All differential modifications to peptides are specified using the modification parameter. The parameter accepts a single uppercase amino acid letter and the differential mass. A lowercase ‘c’ or ‘n’ is used to specify the modification is on the peptide c-terminus or peptide n-terminus, respectively. If more than one differential modification is required, specify a unique modification parameter line for each modification. As many as you want. You can even list the same amino acid in multiple lines with a different modification mass each time. This can be used, for example, to identify singly, doubly, and triply methylated lysines.
Differential modifications to protein termini are specified with their own modification_protC and modification_protN parameters. These parameters need only the differential mass as values. It is possible to specify more than one differential protein modification with multiple instances of these parameters.
Fixed modifications are changes to the mass values that are applied to all instances of the specified amino acids and termini. The syntax for fixed modifications to peptides is identical to the syntax for differential modifications, except the parameter is named fixed_modification. The amino acid is specified in upper case. The peptide c-terminus or n-terminus is specified with lowercase ‘c’ or ‘n’, respectively. Add multiple fixed_modification lines to the Kojak configuration file to indicate multiple mass differences in the analysis.
Like the differential modifications to protein termini, fixed modifications can also be specified to the protein c-terminus or n-terminus. Use fixed_modification_protC and fixed_modification_protN to specify these mass differences. These parameters need only the mass as values.
To summarize, parameters to indicate modifications have been expanded from two to six. Under the new rules, there are specific ways to indicate the mass differences be applied to the peptides and peptide termini, or the protein termini. All mass values are in addition to the existing default amino acid values. There are no special characters (e.g. $ and @) to specify termini. Use lowercase ‘c’ and ‘n’ to specify peptide termini modifications, or the appropriate protein termini modification parameters.

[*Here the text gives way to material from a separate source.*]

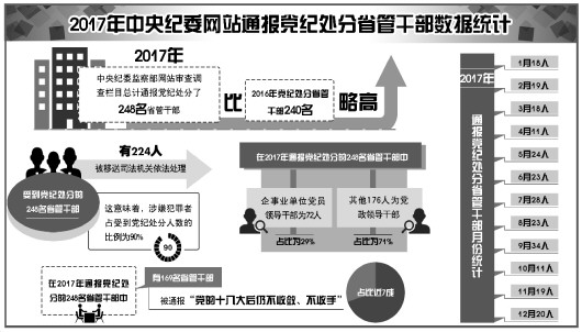 《法制日?qǐng)?bào)》記者逐條梳理中央紀(jì)委監(jiān)察部網(wǎng)站審查調(diào)查欄目信息統(tǒng)計(jì),該欄目在2017年總計(jì)通報(bào)黨紀(jì)處分了248名省管干部,比2016年黨紀(jì)處分省管干部240名的數(shù)量略高。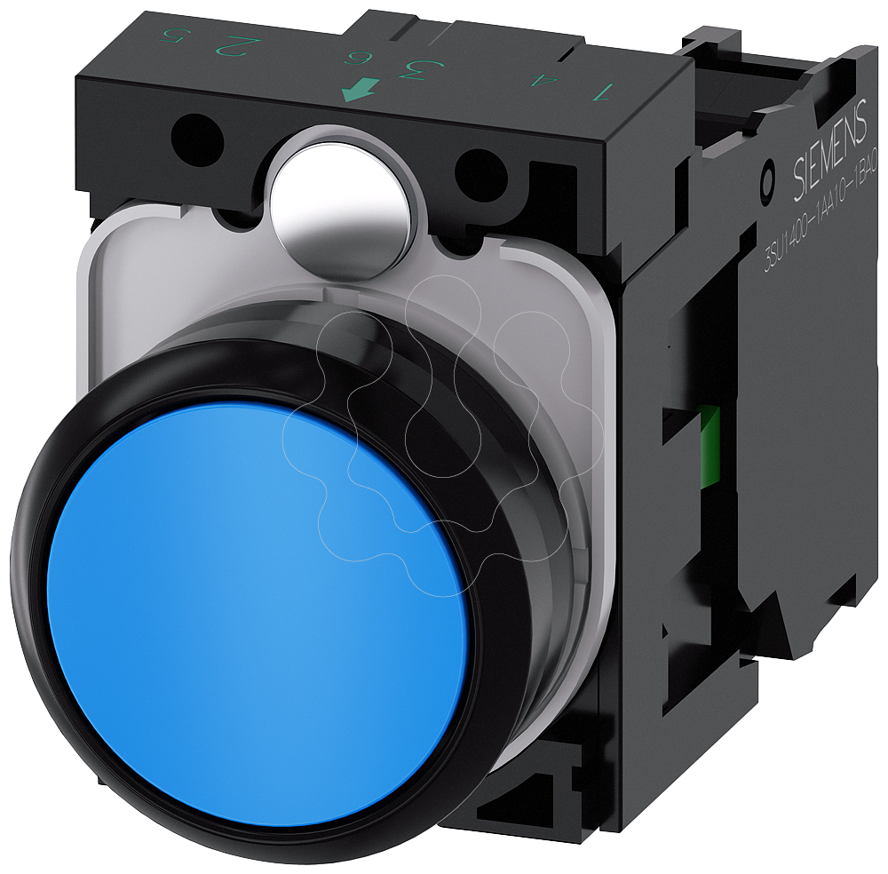 Botão de pressão, 22mm, redondo, plástico, azul, 1NA. botão, 22 mm, redonda, plástico, azul, botão de pressão, plano, tecla com retorno, com suporte 1NA, conexão parafusada Botão de pressão SIRIUS ACT para a comutação e o comando de consumidores elétricos.Sob o nome de marca SIRIUS ACT, a Siemens disponibiliza um portfólio ímpar de aparelhos de comando e sinalização com aprovações de produto mundiais em três séries de design modernas em metal autêntico e robusto e plástico de alta qualidade.O inovador conceito de encaixe simplifica a montagem ao ponto de ser necessária apenas uma mão e nenhuma ferramenta especial. Como orifícios de montagem basta usar furos sem ranhura, pois já se encontra integrada uma proteção total contra torção.Graças ao tipo de proteção continuamente elevado, esses aparelhos robustos são adequados para a indústria e para a utilização no exterior. É inclusivamente possível a limpeza com jato de alta pressão. Nem pó, nem óleos ou lixívias agressivas podem perturbar a operação confiável.Para além da fiação padrão, a maior parte dos aparelhos também pode ser ligada ao comando via PROFINET, AS-Interface ou IO-Link. Isso permite reduzir o trabalho de cablagem, minimizar as fontes de erro e ganhar mais flexibilidade.O configurador online gráfico ajuda confortavelmente na seleção e no pedido de aparelhagens individuais, carcaças e inscrições. Está disponível uma documentação abrangente (p. ex. manual, dados 3D, diagrama de conexão).Versões disponíveis: várias cores, com/sem iluminação, com/sem inscrição, acionamento por encaixe/contacto, diferentes alturas de botão de pressão e aro frontal.Nota: dispositivo completo, remessa incluindo suporte e módulos.SIRIUS ACT - Performance in Action para comando e sinalização. Fáceis de montar, simplesmente robustos, simplesmente perfeitos.

Chemical cross-linkers pose a special case. They frequently target multiple sites at the protein level (multiple amino acids and the protein termini). Cross-linker that binds on only one side (hydrolyzing on the other side) can therefore create a diverse set of differential modifications to search for. Rather than list all possibilities as a large set of modification parameters, Kojak has a simple shortcut: the mono_link parameter. This parameter accepts a set of amino acid characters. It also accepts ‘c’ or ‘n’ to specify the protein C-terminus or N-terminus, respectively. The final value is the differential mass to apply. This is a very convenient shortcut. For example, by specifying “mono_link = cDE -0.9837153”, the necessary parameters to define an EDC mono-link has been reduced from three differential modification parameters to a single mono_link parameter.